The Centre for Monitoring Indian Economy (CMIE) has now projected total exports for 2001-02 at $47.5 billion - a growth by 7 per cent as against the target of 18 per cent set by the Union Ministry of Commerce. While the sceptics have a point in forecasting a meltdown in exports in view of a perceived recession in the U.S. and in Europe, it is not implausible that the lacklustre export performance of India during April-June has had more to do with domestic economic uncertainties than with the U.S. economy hiccups.

Although preliminary indications are that the slowdown in Indian exports has covered the whole gamut of exports - agricultural commodities, engineering goods, textiles, handicrafts and gems and jewellery - a closer examination of the phenomenon by the export promotion councils and the commodity boards could perhaps yield meaningful clues as to how the reversal of a year of buoyant growth at 21 per cent has occurred and that too so abruptly. In a dynamic global trade situation, aberrations rather than deep-seated disequilibria can easily confuse the exporting community and the policymakers.

Given the fact that there has been a lot of vacuous politicking during the last three months and little of pragmatic implementation of the proposals set out in Mr. Sinha's budget for 2001-02, the economy itself would appear to be in a deep freeze, with industrial production continuing to chug at a ``3 per cent minus'' rate and consumer demand remaining subdued. It is an altogether depressing scenario with manufacturing enterprises lying low and the investment outlook continuing to dampen the entrepreneurs. That the export horizons have been clouded owing to the overall inertia in the economy and the dominant mood of ``wait and see'' needs to be underscored.

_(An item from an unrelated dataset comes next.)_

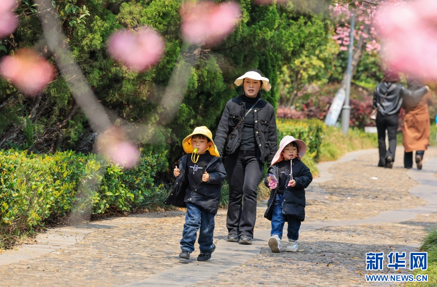 云南省曲靖市沾益区玉林广场,游人踏春赏花(3月14日摄)。新华网发(孙文来 摄)

The perennial question of export competitiveness involving transaction costs, the exchange rate of the rupee and the range of issues relating to the infrastructure, particularly the turnaround performance of ports, continues to call for coordinated action. Nothing much has occurred in the matter of special export processing zones (SEZs) which the Union Minister for Commerce, Mr. Muraroli Maran, rightly advocates as the thrust area of export policy for the New Decade. The fact is that not many State governments are alive to export growth as a powerful stimulus to the regional economy. With all its political ``fire- fighting'' missions, the Vajpayee Government is perilously close to achieving the dubious distinction of a non-performing government!